Read GB2312 encoding page using Ruby

482 Views Asked by At

I am trying to parse GB2312 encoded page (http://news.qq.com/a/20140824/015032.htm), and this is my code.

I am not yet into the parsing part, just in the open and read, and I got error.

This is my code:

require 'open-uri'
open("http://news.qq.com/a/20140824/015032.htm").read

And this is the error:

Encoding::InvalidByteSequenceError: "\x8B" on GB2312

I am using Ruby 2.0.0p247

Any solution?

3

There are 3 best solutions below

0
On BEST ANSWER

I don't know exactly why this happens when calling .read, but you can work around it if you are using Nokogiri.

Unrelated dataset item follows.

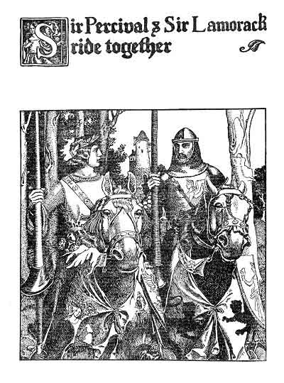 Thus it befell that Sir Lamorack and Sir Percival rode forth together very lovingly and cheerfully. And as they rode upon their way Sir Lamorack told Sir Percival many things concerning the circumstances

Just pass the file object directly to Nokogiri without calling .read:

require 'open-uri'
file = open("http://news.qq.com/a/20140824/015032.htm")
document = Nokogiri(file)
0
On

you can try this

document = Nokogiri::HTML(open("http://news.qq.com/a/20140824/015032.htm"), nil, "GB18030")
0
On

I cannot duplicate the error using 2.0.0p247,

require 'open-uri'
open("http://news.qq.com/a/20140824/015032.htm").read

Works fine.

However

require 'open-uri'
open("http://news.qq.com/a/20140824/015032.htm").read.encode('utf-8')

will raise the error

Encoding::InvalidByteSequenceError: "\x8B" on GB2312

Are you trying to do some encoding conversion?